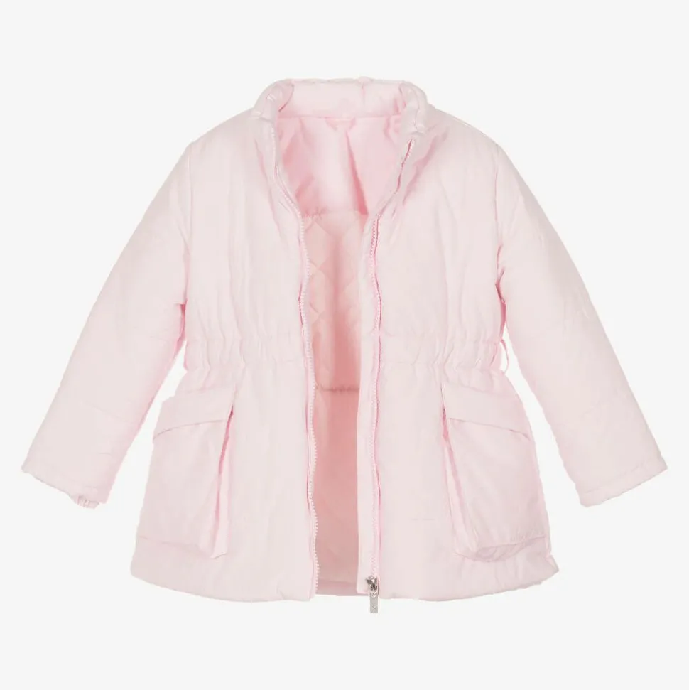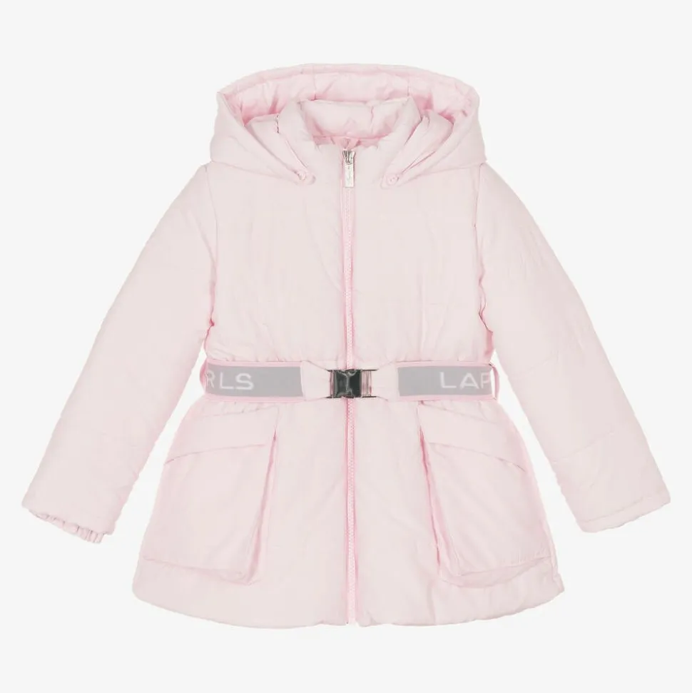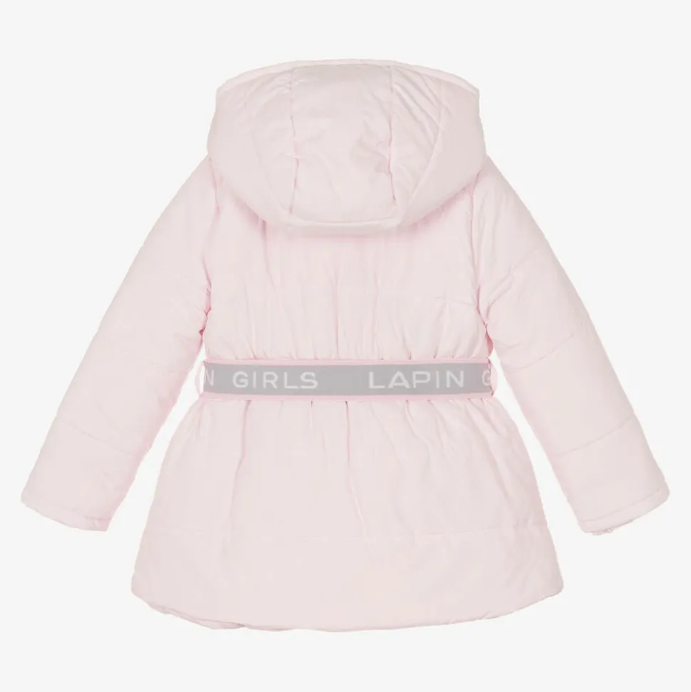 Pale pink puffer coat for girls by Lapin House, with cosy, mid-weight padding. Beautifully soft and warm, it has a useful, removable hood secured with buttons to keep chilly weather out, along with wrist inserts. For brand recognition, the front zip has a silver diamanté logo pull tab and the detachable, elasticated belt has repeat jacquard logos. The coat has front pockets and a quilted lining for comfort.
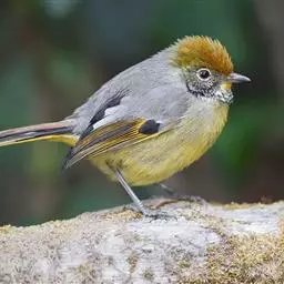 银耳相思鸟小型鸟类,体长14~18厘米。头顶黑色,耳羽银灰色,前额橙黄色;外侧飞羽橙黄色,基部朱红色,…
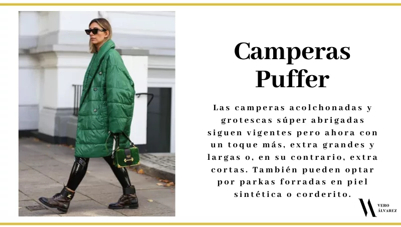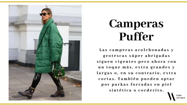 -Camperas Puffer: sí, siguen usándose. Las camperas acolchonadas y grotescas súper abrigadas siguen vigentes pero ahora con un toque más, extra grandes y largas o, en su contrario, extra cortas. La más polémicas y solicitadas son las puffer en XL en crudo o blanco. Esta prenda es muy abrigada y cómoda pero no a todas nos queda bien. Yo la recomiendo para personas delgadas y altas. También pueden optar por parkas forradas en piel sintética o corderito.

- - - -

Transcribe the data word for word, with no images.

 Pale pink puffer coat for girls by Lapin House, with cosy, mid-weight padding. Beautifully soft and warm, it has a useful, removable hood secured with buttons to keep chilly weather out, along with wrist inserts. For brand recognition, the front zip has a silver diamanté logo pull tab and the detachable, elasticated belt has repeat jacquard logos. The coat has front pockets and a quilted lining for comfort.
 银耳相思鸟小型鸟类,体长14~18厘米。头顶黑色,耳羽银灰色,前额橙黄色;外侧飞羽橙黄色,基部朱红色,…
 -Camperas Puffer: sí, siguen usándose. Las camperas acolchonadas y grotescas súper abrigadas siguen vigentes pero ahora con un toque más, extra grandes y largas o, en su contrario, extra cortas. La más polémicas y solicitadas son las puffer en XL en crudo o blanco. Esta prenda es muy abrigada y cómoda pero no a todas nos queda bien. Yo la recomiendo para personas delgadas y altas. También pueden optar por parkas forradas en piel sintética o corderito.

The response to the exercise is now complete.